Love Is All You Need is a romantic comedy that isn’t romantic or comic or much of anything. It stars Pierce Brosnan as Philip, a widowed, all-work-no-play Englishman working in Denmark whose son is about to get married in Italy. Meanwhile, across town, the mother of the bride, Ida (Trine Dyrholm), a hairdresser who wears a wig because she’s lost all her own hair to chemotherapy, has just discovered her husband is playing away from home with pretty young Thilde from accounts.
Films are always full of middle-aged men playing away from home with pretty young Thildes from accounts, but have you ever wandered into a company’s accounts department? If you have, I’m betting you didn’t exclaim, ‘Wow, this room is packed full of hot tottie; this is wall-to-wall Thildes!’ This is one of those cinema tropes I suppose I should be over by now, and would be, if it didn’t incense me every time, Actually no, not incense. It just makes me yawn, and not one of those little yawns you can stifle, but one of those big, noisy, exaggerated ones that are also making a point.
Anyway, Philip drives to the airport and Ida drives to the airport and in the airport car park Ida reverses her car into Philip’s car. This, it turns out, is the first time they’ve ever met because brides and grooms never introduce their parents to each other before a wedding, particularly in Copenhagen, where it may actually be against the law.

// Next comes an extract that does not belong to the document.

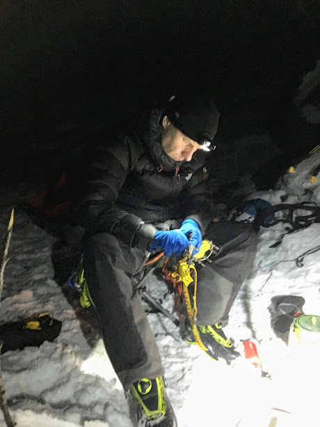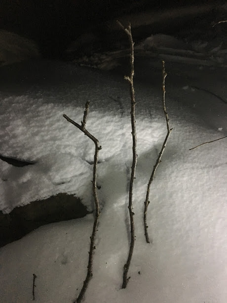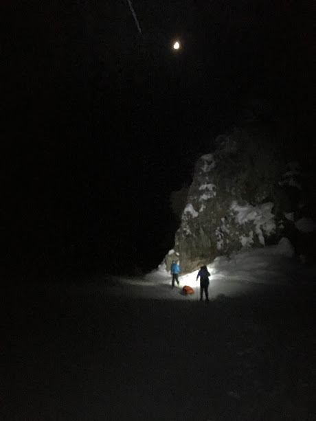 Så då måtte han nøya seg med å testa kvaliteten på isen i går kveld – så får han/dei ta turen tilbake og ordna med sikringspunkt og sikring ein anna dag. Kanskje greit å ta det i dagslys og, tenkjer eg – sjølv om eg var imponert over lykta han hadde satt opp 🙂
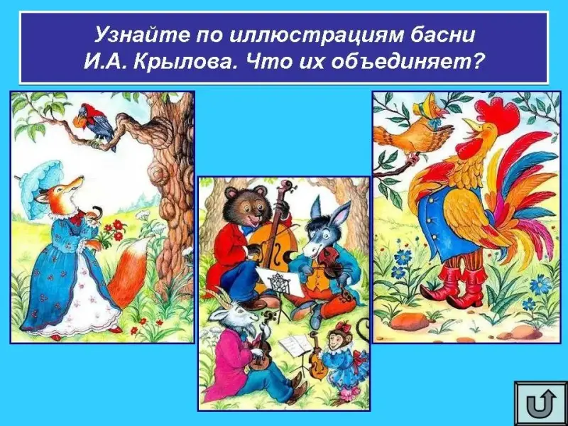 Узнайте по иллюстрациям басни И.А. Крылова. Что их объединяет?

So Philip and Ida have this prang, and then what happens?
Is it:
1) Philip is so enraged he bursts a blood vessel in his brain, keels over and dies; film over?
2) Ida cannot forgive herself for being such a Stupid Woman Driver so jumps from the top storey of the car park, and breaks her neck; film over?
3) Ida and Philip, being vulnerable and lonely in their own particular ways, eventually fall in love and snuggle up on a bench overlooking the sea, her head on his shoulder?
A spoiler? You really thought it could be 1 or 2? But it’s as weird as it’s not weird.